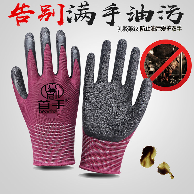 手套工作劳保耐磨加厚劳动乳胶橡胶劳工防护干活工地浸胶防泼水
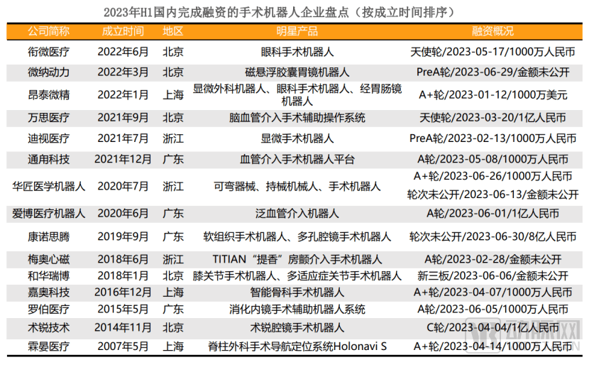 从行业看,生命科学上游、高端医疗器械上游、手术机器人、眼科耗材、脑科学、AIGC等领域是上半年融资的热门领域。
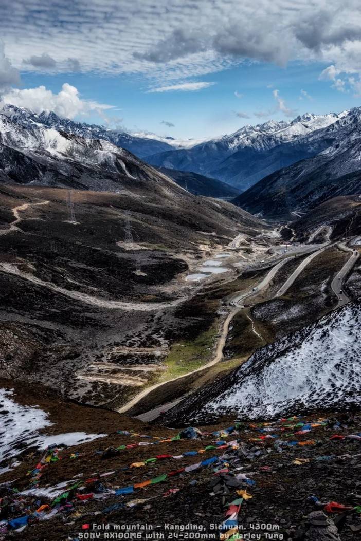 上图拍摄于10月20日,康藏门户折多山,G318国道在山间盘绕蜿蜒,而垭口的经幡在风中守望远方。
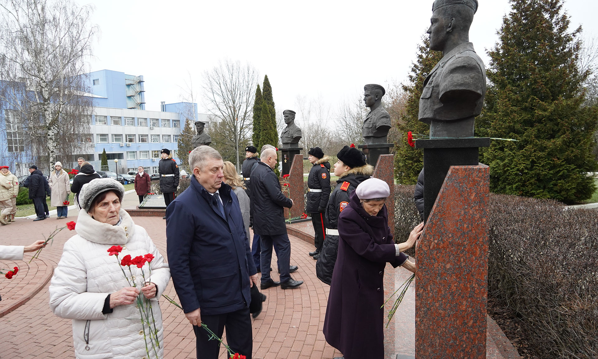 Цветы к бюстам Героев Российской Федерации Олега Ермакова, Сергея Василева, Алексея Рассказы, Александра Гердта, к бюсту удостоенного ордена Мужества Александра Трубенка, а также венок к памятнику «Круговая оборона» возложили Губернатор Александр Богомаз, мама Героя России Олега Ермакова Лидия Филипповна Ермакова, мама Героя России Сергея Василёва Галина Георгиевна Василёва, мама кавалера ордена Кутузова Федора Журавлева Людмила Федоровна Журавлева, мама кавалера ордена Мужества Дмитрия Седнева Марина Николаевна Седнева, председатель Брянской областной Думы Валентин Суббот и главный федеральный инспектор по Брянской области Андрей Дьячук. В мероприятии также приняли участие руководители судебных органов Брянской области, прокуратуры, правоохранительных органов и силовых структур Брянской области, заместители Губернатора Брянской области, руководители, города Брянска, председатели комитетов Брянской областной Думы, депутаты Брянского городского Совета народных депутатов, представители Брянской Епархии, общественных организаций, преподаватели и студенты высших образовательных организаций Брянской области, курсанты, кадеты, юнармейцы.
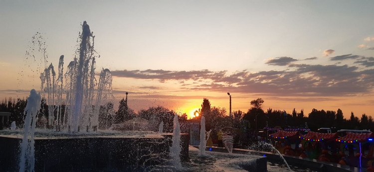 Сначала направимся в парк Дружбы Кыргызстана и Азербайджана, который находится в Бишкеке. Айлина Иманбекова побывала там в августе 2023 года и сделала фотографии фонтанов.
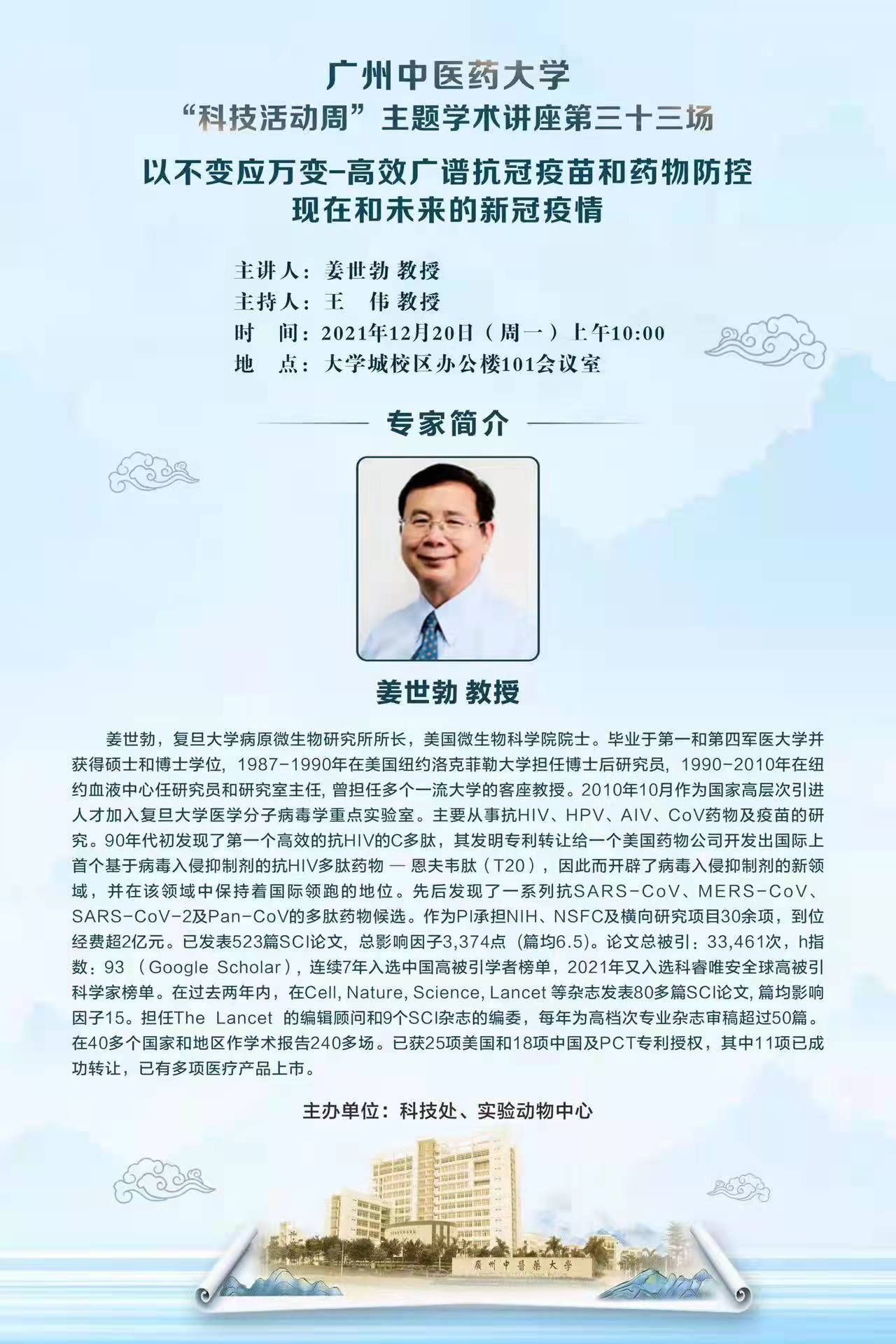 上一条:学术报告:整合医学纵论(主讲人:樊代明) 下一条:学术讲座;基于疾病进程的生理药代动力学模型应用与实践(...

########

◆ Exercise description: Please copy the entries in full. Leave each image out.

◆ Exercise result:
 手套工作劳保耐磨加厚劳动乳胶橡胶劳工防护干活工地浸胶防泼水
 从行业看,生命科学上游、高端医疗器械上游、手术机器人、眼科耗材、脑科学、AIGC等领域是上半年融资的热门领域。
 上图拍摄于10月20日,康藏门户折多山,G318国道在山间盘绕蜿蜒,而垭口的经幡在风中守望远方。
 Цветы к бюстам Героев Российской Федерации Олега Ермакова, Сергея Василева, Алексея Рассказы, Александра Гердта, к бюсту удостоенного ордена Мужества Александра Трубенка, а также венок к памятнику «Круговая оборона» возложили Губернатор Александр Богомаз, мама Героя России Олега Ермакова Лидия Филипповна Ермакова, мама Героя России Сергея Василёва Галина Георгиевна Василёва, мама кавалера ордена Кутузова Федора Журавлева Людмила Федоровна Журавлева, мама кавалера ордена Мужества Дмитрия Седнева Марина Николаевна Седнева, председатель Брянской областной Думы Валентин Суббот и главный федеральный инспектор по Брянской области Андрей Дьячук. В мероприятии также приняли участие руководители судебных органов Брянской области, прокуратуры, правоохранительных органов и силовых структур Брянской области, заместители Губернатора Брянской области, руководители, города Брянска, председатели комитетов Брянской областной Думы, депутаты Брянского городского Совета народных депутатов, представители Брянской Епархии, общественных организаций, преподаватели и студенты высших образовательных организаций Брянской области, курсанты, кадеты, юнармейцы.
 Сначала направимся в парк Дружбы Кыргызстана и Азербайджана, который находится в Бишкеке. Айлина Иманбекова побывала там в августе 2023 года и сделала фотографии фонтанов.
 上一条:学术报告:整合医学纵论(主讲人:樊代明) 下一条:学术讲座;基于疾病进程的生理药代动力学模型应用与实践(...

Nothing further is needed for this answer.